Busken decide di protestare chiudendosi in un silenzio impenetrabile, fingendo di essere incapace di intendere e volere, ma all'interno di lui le parole continuano a ribollire. Con acume, umorismo nero e estro letterario, Busken registra gli eventi, riflette sulla vita e la vecchiaia, e commenta in modo provocatorio medici e pazienti. Nel frattempo, rievoca ricordi di un'infanzia priva di amore e di una madre fredda e ostile che ha segnato la sua esistenza.

Il romanzo è descritto come un'opera spassosa e struggente, caratterizzata da una poesia sanguigna e amara. Viene definita "un monumento eretto alla lingua" e rappresenta l'atto di resistenza di un uomo al proprio tramonto e a quello di un'intera epoca culturale. Richiamando lo stile di scrittori come Joyce, Proust, Svevo e Canetti, il libro offre una riflessione profonda sul Novecento e sulla condizione umana.


L'infermiera, è descritta come una figura ambivalente, percepita sia come ultraterrena e bella sia come oggetto di desiderio e, allo stesso tempo, fonte di fastidio.
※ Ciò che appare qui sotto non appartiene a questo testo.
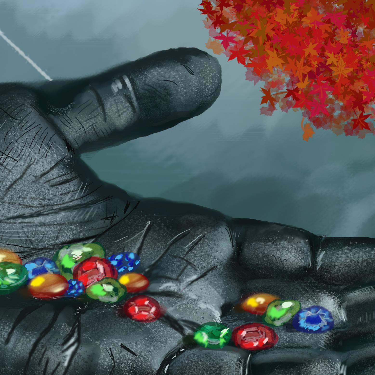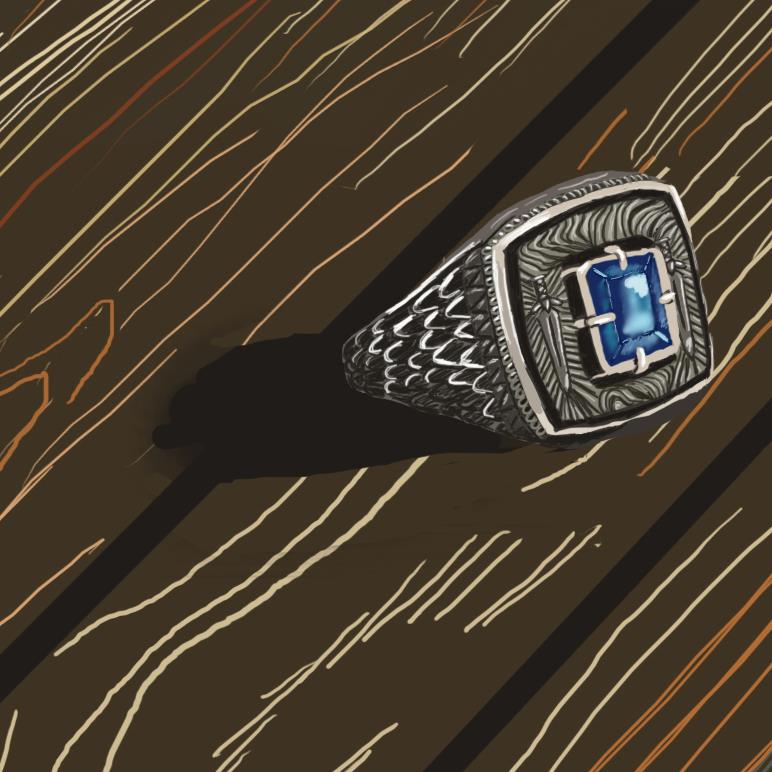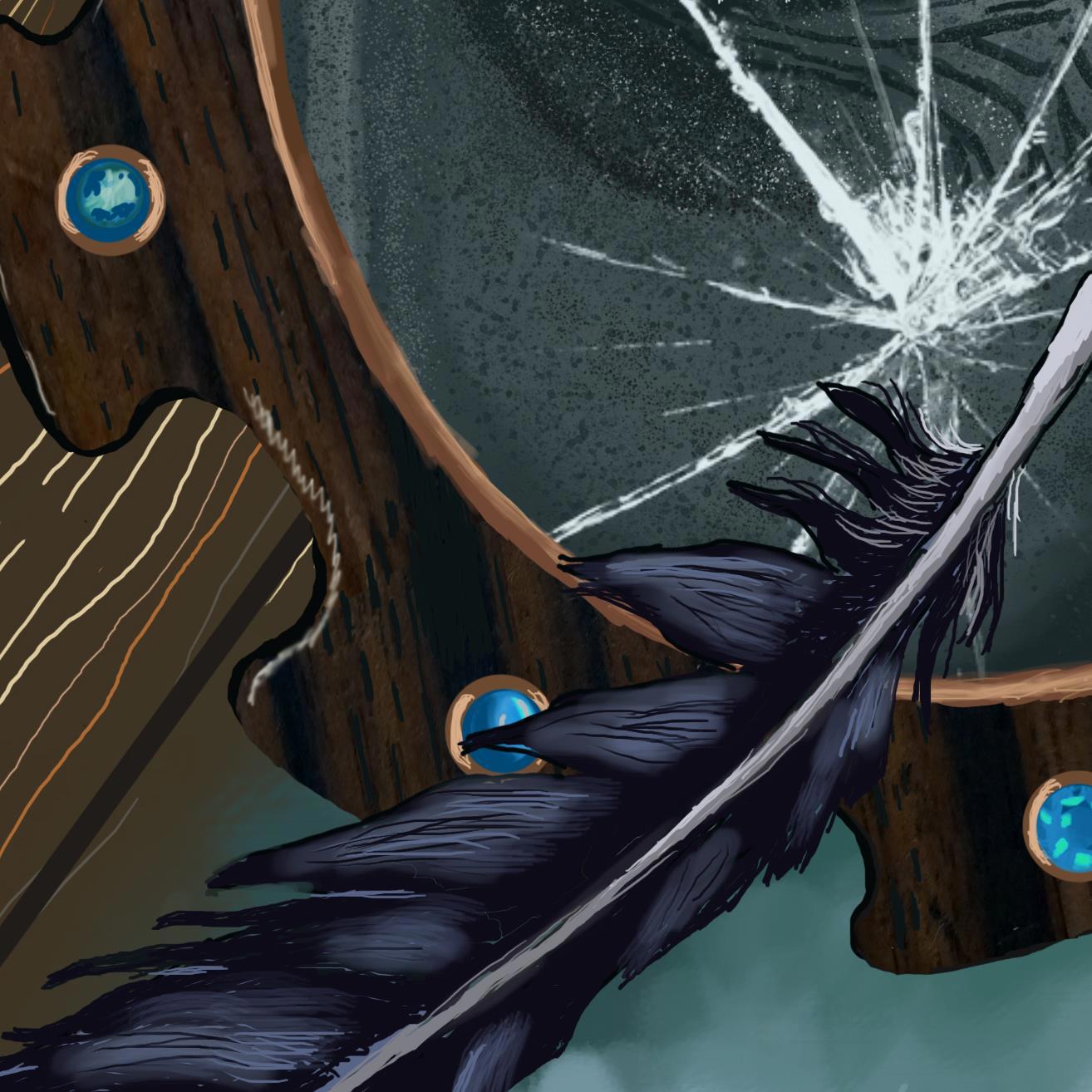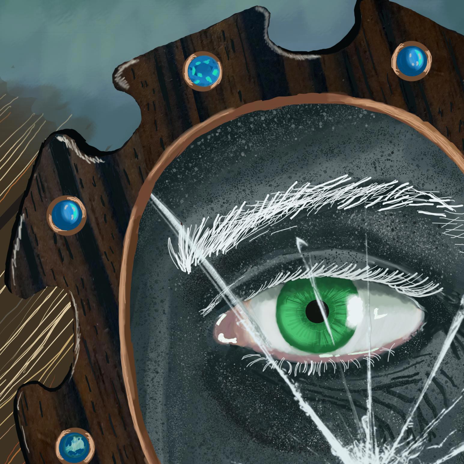 Автор: М. ДжалакЗеркало, самоцветы на ладони героя, священный перстень, патроны к револьверу и перо. Зеркало - это по задумке что-то в стиле ван Эйка. Отражение не разбито так, как следовало бы, потому что это выглядело слишком отталкивающе и жестоко.

L'anziano vive una realtà distorta, Busken fantastica di sposare l'infermiera Moniek che lo porterà fuori dal suo rifugio abituale per poi andarsene in modo brusco, lasciandolo solo. Si troverà a parlare sul lato vietato della struttura. con un altro residente di nome Wolff, un ex medico di famiglia, Il signor Busken, sebbene non senta nulla, protesta contro la sua situazione e contro tutto ciò che lo circonda.

Un romanzo avvincente che offre uno sguardo profondo nella mente del protagonista, Busken, imprigionato in una casa di cura. Mentre riflette sulla sua esistenza e osserva il mondo circostante, emerge il ricordo della madre, una figura complessa che lo perseguita nonostante la sua morte. L'autore dipinge con maestria le sfumature della memoria, con Busken che si sforza di capire se l'immagine di sua madre sia davvero lei o qualcun altro. Nel contesto della casa di cura, la narrazione esplora la lotta di Busken contro la limitazione fisica, la sua rabbia repressa e il tentativo di mantenere un minimo di controllo sulla sua vita. L'uso del linguaggio e della prosa crea un'atmosfera intensa e coinvolgente, arricchendo il racconto di poesia, umorismo nero e riflessioni profonde sulla vecchiaia e sulla resistenza umana.